If you’re feeling a stomach ache, this is just the thing: 1 pot of gut-soothing vegetable broth with ginger, spices and seaweed. Plus a 3-ingredient miso tonic for a flavor and comfort boost.

Ingredients

BROTH

  • 1/2 small Onion, roughly diced (if onions disturb digestion, under shallots or on spring onions)
  • 4 Cloves Garlic, chopped (if garlic is bad for your digestion, omit)
  • 1 EL roughly chopped ginger
  • 1 Stalk/Rib Celery
  • 1 cup chopped carrots< /li>
  • < span class="wprm-recipe-ingredient-amount">1/2 medium red peppers
  • 1 Cup chopped red cabbage
  • 1 t sp Curry powder (or under a smaller amount of ground turmeric)< /span>
  • 1 Strips< /span > kombu (dried seaweed // adds minerals and digestive aids)
  • 1 oz.
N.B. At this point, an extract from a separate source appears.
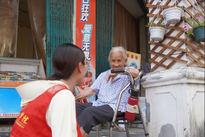 图为队员与骑楼街居民闲谈,细数骑楼街里的日常与过往。吴敏松供图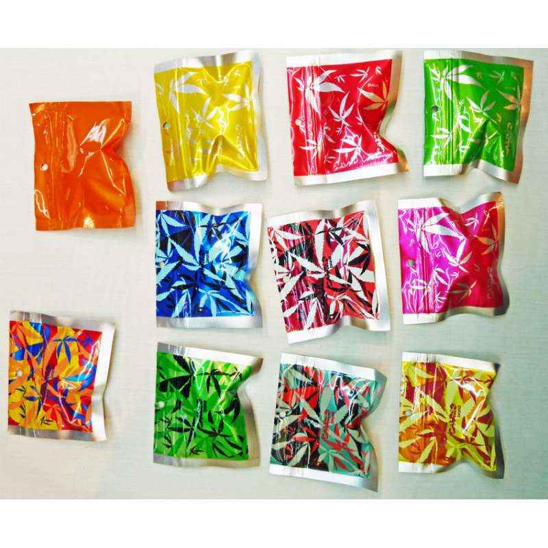 Sac en aluminium Zip Lock avec motif feuille de cannabis de différentes couleurs. Des sacs anti-couleur et résistants pour garder le produit toujours frais. Mesures: 9,5 cm x 8,5 cm

Dried Shiitake Mushrooms
  • 2 Kale stalks, chopped (reserve kale for serving or other uses)< /span>
  • 1 < span class="wprm- recipe ingredient unit">tea Sea salt, plus more to taste
  • 1 h healthy pinch black pepper, more to taste
  • 1 tablespoon Nutritional yeast (optional)
  • 10 cups water
TONIC*
  • 2 TL Chickpea Miso Paste (or soy sub-miso //ensure gluten-free consumers are gluten-free)
  • < span class="wprm-recipe-ingredients-quantity">1 cup Broth (prepare using the recipe above // we strained the vegetables)
  • 1 small Spring onion, thinly sliced
  • Black Pepper

Instructions

  • BROTH: Heat a large saucepan or Dutch oven over medium-high heat. Add a little water (or sub-oil) and the onion, garlic, ginger, celery and carrot. Season with a little salt and pepper and sauté for 4-5 minutes.
  • Add the peppers, cabbage and curry powder and stir. Sauté for 3 minutes, then add kombu, shiitake mushrooms, kale stalks, salt and pepper, nutritional yeast (optional), and water.
  • Season with more salt and black pepper. Then 1) serve as a vegetable soup, 2) strain and use as a broth (refrigerate and store leftovers in the fridge for 5 days or in the freezer for 3 months), or 3) strain and make a tonic with miso.
  • TONIC: to prepare a portion of miso tonic , Put 2 teaspoons of miso paste in a serving bowl and add some broth. Stir to combine. Then add about 1 cup broth and stir to combine (add more broth for less strong miso flavor, less broth for stronger miso flavor). Then add some chopped spring onion and serve. Best chilled, but will keep in the fridge for 2-3 days. Although not ideal for reheating as miso’s aromatic properties and nutritional values are damaged during cooking.